Markey Said To Back Network Neutrality Study
House Democrat Expected To Propose FCC Study Issues Around Discriminatory Bandwidth Practices
By Ted Hearn -- Multichannel News, 2/11/2008 9:43:00 AM
Rep. Edward Markey, (D.-Mass.), a senior House Democrat, is expected to introduce legislation as soon as Tuesday that would order the Federal Communications Commission to study network neutrality issues and report back to Congress in one year or less, according to lobbyists and a House aide tracking the effort.
Markey’s bill is expected to have bipartisan support, including Rep. Chip Pickering (R-Miss.), who is retiring at the end of the year after playing an active role in media and telecommunications policymaking.
A Markey aide couldn’t immediately respond to an email seeking comments.

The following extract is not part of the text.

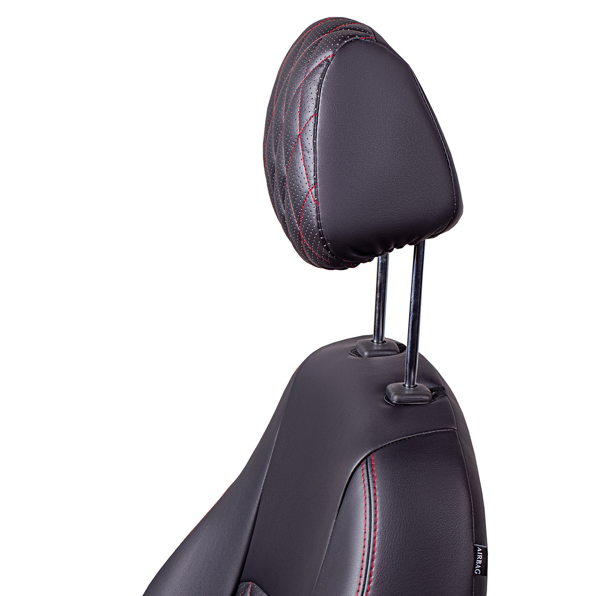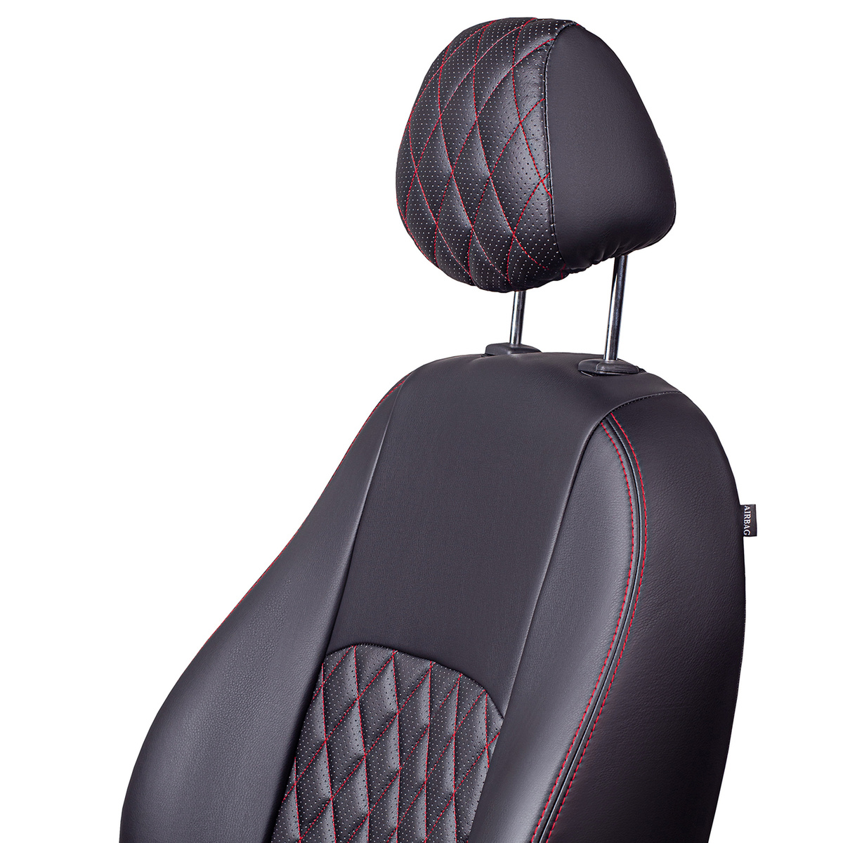 Модельные чехлы Lord AutoFashion серии Турин Ромб для Nissan Almera Classic-1(B10) с 2006 по 2012 г. цельная спинка, экокожа чёрная, стежка сидений и спинок красной нитью

But two telecom lobbyists and a House aide indicated that Markey was poised to introduce his bill soon.
It’s unclear why Markey would need legislation. In 2004, members of the House Energy and Commerce Committee asked the FCC to prepare a report on the a la carte sale of cable programming. The FCC delivered the report in November 2004, but FCC chairman Kevin Martin secretly revised it the next year to show a la carte could benefit consumers in some ways.
It’s also unclear why Markey waited until the second year of the current Congress to advance legislation. If his bill becomes law in a few months, there’s a chance that a Republican-controlled FCC would begin the report but after the November elections, a Democratic-controlled FCC would finish it.
Markey, chairman of the House Subcommittee on Telecommunications and the Internet, failed to pass a net neutrality amendment on the House floor in 2006, just months before Democrats regained power in the House.
Markey’s amendment would have banned discriminatory conduct by cable, phone and other broadband-access providers against companies such as Google Inc., Yahoo! Inc. and eBay Inc.
It also would have prohibited network owners from blocking of unaffiliated Web-based services and from demanding fees in exchange for priority treatment of Internet-based services.
The debate today is less about outright blocking with anticompetitive intent than about so-called network management techniques and the extent to which network owners may take proactive steps to ensure that a few bandwidth hogs don’t spoil Web surfing for the vast majority of customers.